We loved meeting Gordo, at least as a voice on the radio. Will we be hearing from him again, and/or perhaps meeting him in person sometime in the future? 

Gordo was voiced by none other than Simon Barry himself — at the time it made sense for Simon to do it since he was sitting there on set with the actors and it really could've just ended up a guide track that was then re-voiced later by an actor but once I heard it, it felt completely wrong to have anybody else re-do it. Simon had just the right twang in his voice and a perfect, simple honesty that made me love the character and wish to hear more from him. I don’t know that we'll ever meet Gordo face-to-face on the show, but I love how Simon brought him to life during that brief radio call.

It's an intriguing parallel between Susan and Vanessa when it comes to their ability to handle firearms: Vanessa from her ex-husband, Susan from her hunter father - both repugnant men that were at least good for one thing. Was this intentional from the start or did it organically present itself during production? 

I’d love to say it was by design and that our room of writers are just that clever, but the truth is those two moments grew individually out of their respective episodes. That said, I love the parallel you created there and I’m glad it exists in Season 1. Susan and Vanessa come off as strong and capable throughout the series and I love that about them — Kelly Overton and Hilary Jardine really committed to the physical work on the show and not just the emotional journeys; it's great to watch them be confident and strong and soft and sad and so many other things during the episodes that they share — the writers worked hard to create complex people and with the help of an extremely talented cast, I think the kind of work that these two women (and their co-stars) are doing stands out and speaks for itself.

We loved the majestic image of Strider the horse followed by the nightmarish moment of the noble beast being felled by Susan's feral father. Did anything in particular inspire this dark fairy tale moment? And what inspired Strider's name? 


Strider definitely got his name as a nod to J.R. R. Tolkien and the idea was another one that was born and then developed by the writer's room. It seemed like a wonderful way to have a beat where the gang could marvel over the beauty of the world and then have it ravaged a moment later. I know there is a similar beat in an episode of The Walking Dead but ours is done in a very different way and I believe has a much deeper emotional impact in the end because of the characters who are involved —if anything, I'd call ours a tribute to a really terrific sister series rather than any kind of rip-off.

Wow. What a roller coaster ride, from Sam killing Susan, to Sam being left to die in the woods, to Sam becoming a vampire (and one that can hear!). This episode was definitely the most 'horror movie' of the season so far.
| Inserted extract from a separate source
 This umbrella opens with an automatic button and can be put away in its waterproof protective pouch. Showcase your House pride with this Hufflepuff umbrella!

Do you have a favorite memory from the production side of this episode? 

You're right about that and rightly so — we tried not to forget that our roots are always dripping with blood and that's the way it should be. We're a vampire show and, therefore, we need to spill blood and try to be scary every now and then. I think we all (cast and crew) pride ourselves on the fact that we're trying to tell emotionally grounded stories that are dramatically satisfying whenever possible, but in the end we're hunting vampires and we need to go there as often as we can. I love how pure these actors can be and how much they can move me in their more serious scenes but we still need to go for the jugular as much as we can — that's part of this job and one that I wholeheartedly embrace; you can sum it up with "It's okay to cry but never forget that we need to kill …"
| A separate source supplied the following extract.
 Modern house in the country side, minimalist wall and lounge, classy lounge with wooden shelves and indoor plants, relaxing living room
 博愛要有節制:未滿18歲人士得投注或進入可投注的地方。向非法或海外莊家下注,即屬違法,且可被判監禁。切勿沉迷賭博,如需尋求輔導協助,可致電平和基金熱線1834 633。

What was your favorite scene in this episode, and why? 


Well, as I mentioned I loved the moments we spent with Gordo but the moments surrounding the death of Susan were stand-out for me this time around — the beauty and pain of the scene with Susan and Sam sitting on the log together, the honest anguish that Kelly [Overton] produced when she first discovers the body of Susan in the woods, the palpable fear that we get from Mohamad as he slowly realizes what Sam has done and the tour-de-force transformation of Sam during the whole episode (including the startling physical transformation, which was entirely Mr. Christopher Heyerdahl's idea and worked out brilliantly).